Comme vous pouvez le lire à la une de ce numéro de notre dépêche, le CATC a eu la joie d’accueillir une nouvelle promotion à Lausanne en Suisse, et ne va pas tarder à en accueillir également une nouvelle à Lyon. Un premier stage pour de nouveaux étudiants, et de fait, le premier choc culturel.
En effet, les cours de ces deux premières journées concernent principalement la Tradition extrême orientale et sa façon d’envisager la relation entre l’homme et l’univers. La nouveauté des informations reçues tranche avec ce qui est couramment admis dans notre culture occidentale et surtout en ce qui concerne la façon d’envisager la place de l’homme sur terre. La difficulté réside dans le fait de passer d’une vision matérialiste à une approche spiritualiste au véritable sens du terme.
Ce qui pose le plus de problème, c’est d’envisager qu’il puisse exister différents domaines de réalité. L’homme occidental, pétris par la mentalité scientifique moderne, a appris à ne considérer comme réel que ce qui se voit, ce qui tombe sous les « sens », ou ce qui lui « apparaît ». Et quand il part à la recherche de l’origine des choses ou des phénomènes, il le fait en explorant l’espace le plus loin possible, ou en tentant de remonter le temps, le plus loin possible aussi. Le résultat de ses recherches débouche sur des théories qui changent régulièrement au fil des décennies. Quelqu’un a dit : « la science moderne n’est qu’un cimetière de théories ».
Pour les anciens sages d’extrême orient, l’origine des phénomènes n’est pas à rechercher dans les phénomènes eux-mêmes, aussi macro ou microscopiques qu’ils soient. Chercher dans le monde une origine au monde, c’est comme chercher sur la circonférence le centre du cercle : on est condamné à tourner en rond. Le centre n’est pas sur la circonférence. Mais il en est à l’origine. Sans le centre pas de circonférence, et sans circonférence pas de cercle. Le point fait la circonférence et du même coup le cercle. Mais sans le point, pas de circonférence ni de cercle. L’origine des phénomènes qui constituent ce que l’on nomme le monde n’est pas de ce monde.

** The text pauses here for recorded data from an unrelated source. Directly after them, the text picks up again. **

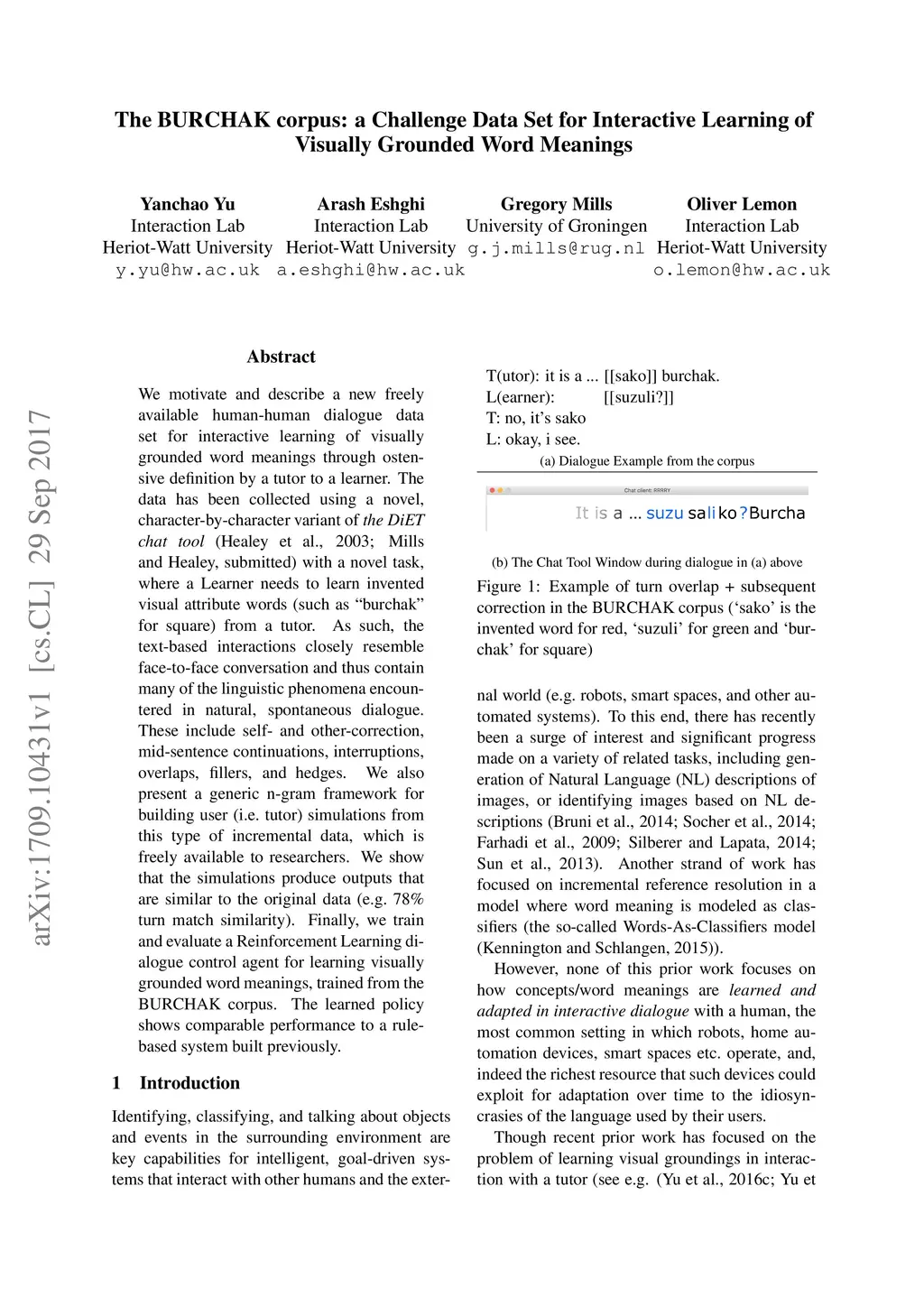 The BURCHAK corpus: a Challenge Data Set for Interactive Learning of
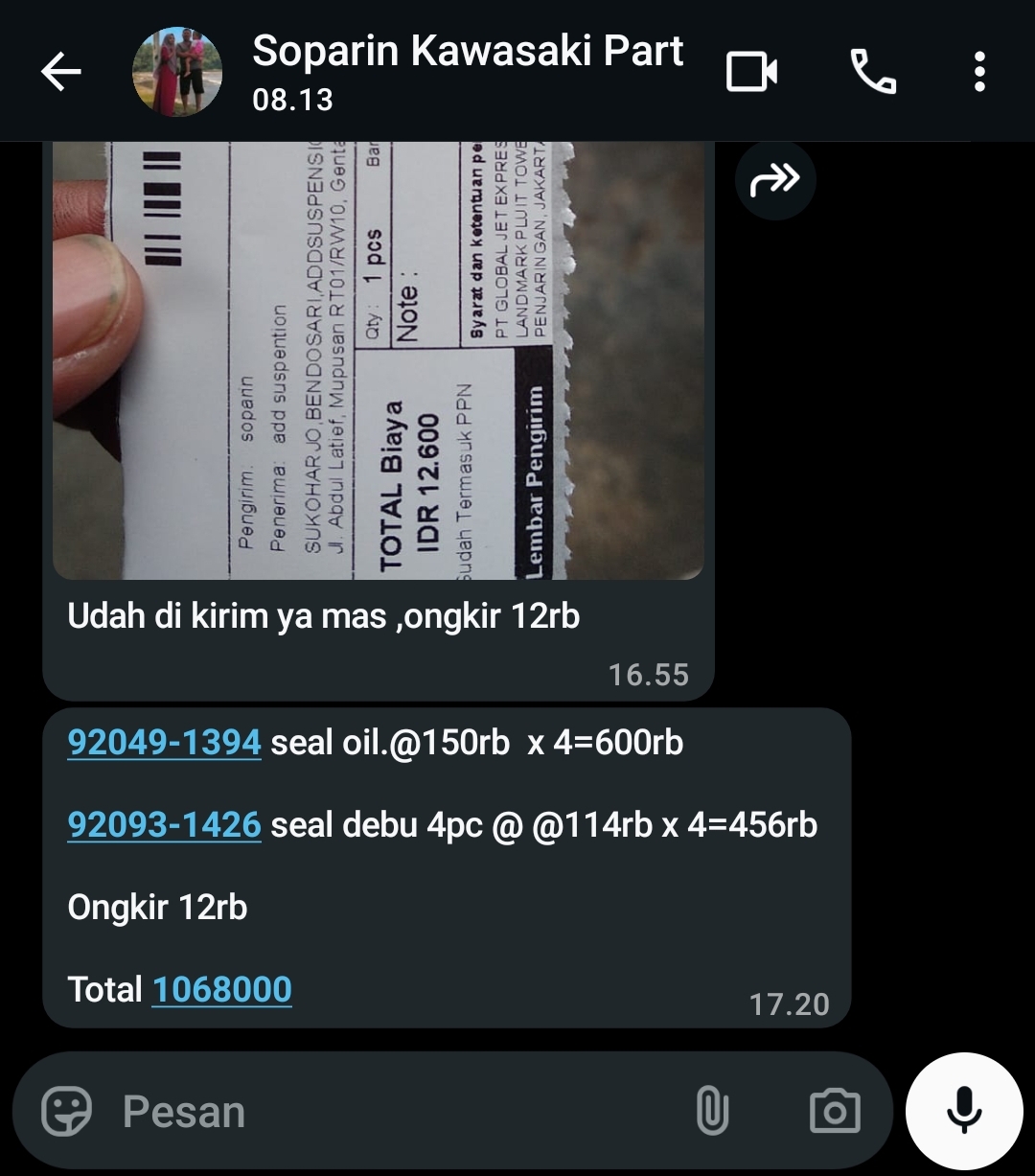 | 4 Pcs | KGP920491394 SEAL-OIL, FORK OUTER TUBE KX85 (Pcs) | Rp. 150,000 | Rp. 600,000 | - | - | Rp. 600,000 |
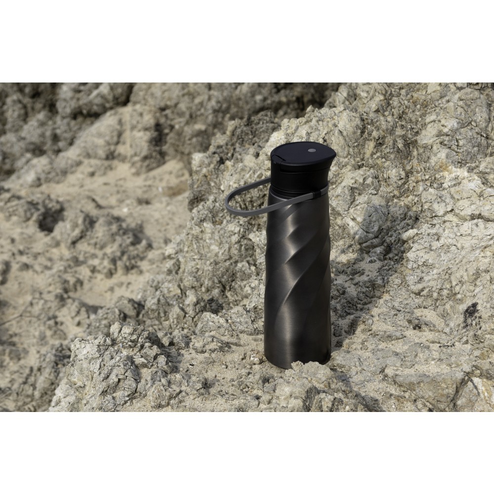 A Vortex Athletica ivópalack a magas funkcionalitást elegáns dizájnnal ötvözi, amely kihangsúlyozza a prémium anyagokat. Könnyű, egyfalú 18/8 rozsdamentes acélból készült, mindössze 238 g súlyú, és a tartósság a fő erénye. A fedél a könnyű tisztítás érdekében teljesen szétszedhető, a rugalmas hordozószíj pedig a személyes igényekhez igazítható. Ennek az 1000 ml-es rozsdamentes acél palacknak minden része mosogatógépben mosható. Emblémázás: Gravírozás
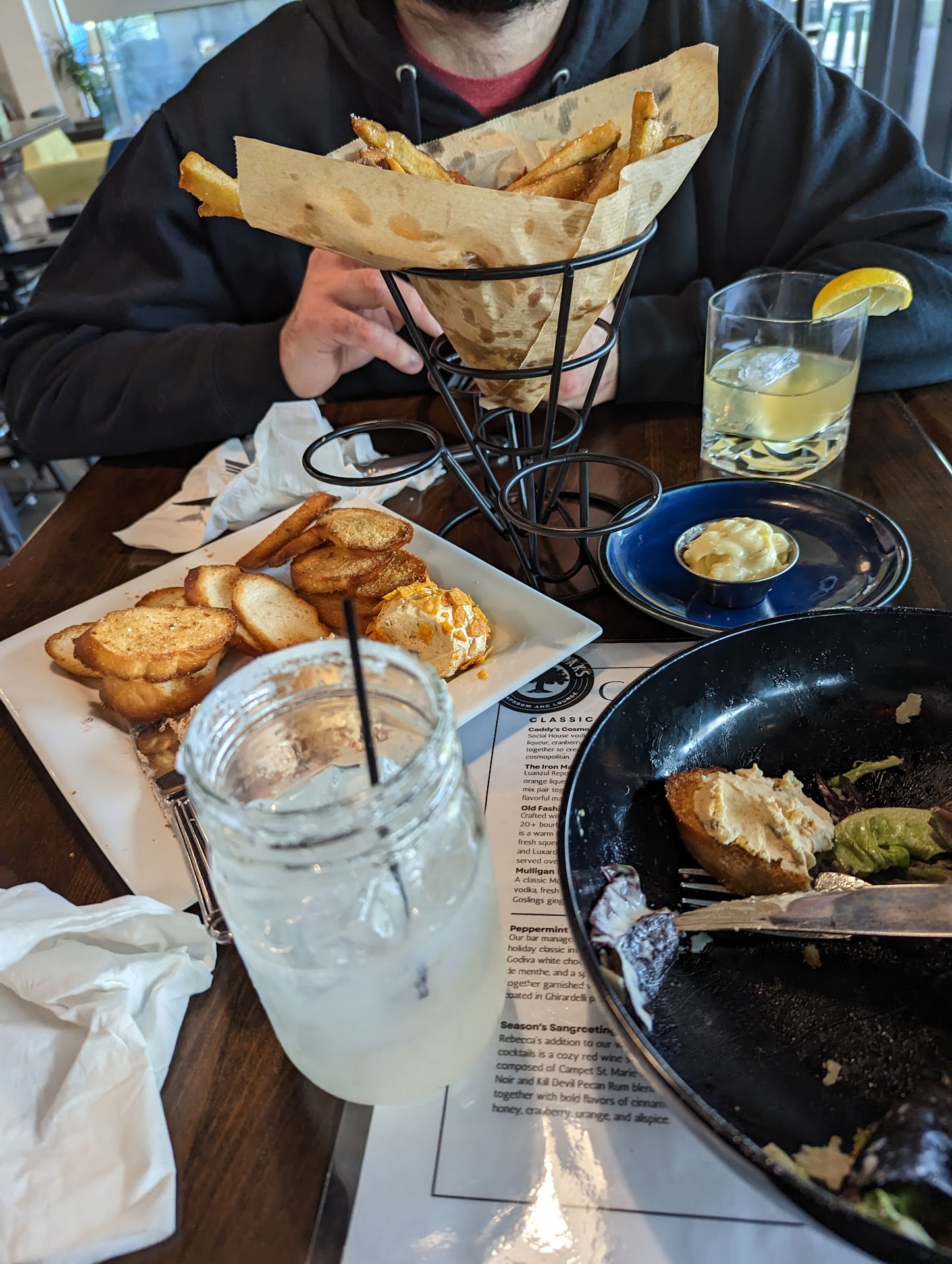 Truffle fries were undersalted and the stand they used to hold the fries was too big to fit the container used for the garlic aioli. They were out of romaine for a Caesar salad and asked if they could sub mixed greens instead, which I agreed to but was kinda gross in application. Dressing and croutons were nothing special. We also got the cheese ball trio, which comes with no actual explanation of what the cheese balls are, either from the menu or from our server. One appeared to be pimento cheese with bacon, one was a blueberry goat cheese with pretzel on top, and the last was some sort of dorito crusted spicy cheese ball, which I would not have eaten if I'd known what it was.

L’origine de ce qui nous apparaît est « au delà » de ce qui nous apparaît. D’un point de vue traditionnel, l’origine est identique au Principe. Et le Principe de ce qui se manifeste à nous, appartient à un autre domaine de réalité, à une réalité « tout autre ». Si je trace un cercle sur une feuille de papier : le cercle ne peut exister sans la circonférence, et la circonférence sans le centre. D’autre par le point ne peut pas exister sans la feuille sur la quelle il est posé ; mais la feuille n’est pas le cercle. Elle est au-delà de lui. Mais sans elle, le cercle ne peut se manifester, ne peut « exister ». Ainsi en va-t-il de tous les phénomènes de ce que nous appelons la nature. Ils n’ont aucune réalité par eux-mêmes, mais n’existent que par une réalité qui les dépassent et qui fait qu’ils sont ce qu’ils sont. De même la feuille de papier ; elle n’a de réalité que par l’espace qui lui permet d’être ce qu’elle est. Une feuille de papier, c’est de l’espace en forme de feuille. Que la feuille soit là ou non ne dérange en aucune façon l’espace. Que nous dessinions ou non un cercle sur la feuille n’affecte ni la feuille, ni l’espace. Ainsi chaque individualité humaine est à ce qui le dépasse, ce que le cercle est à la feuille, et la feuille même à l’espace, et l’espace à…
La capacité à rentrer dans ce point de vue traditionnel est le défi que relèvent nos étudiants qui rentrent en première année. Je leur souhaite une confiance sereine pour faire ce chemin qui, s’appuyant sur la remise en question de leurs idées reçues, leur permettra de s’ouvrir à des perspectives de conscience aptes à faire rentrer en eux la lumière si peu présente en ces temps d’obscurité collective que les hindous nomment « Kali Yuga » (âge sombre).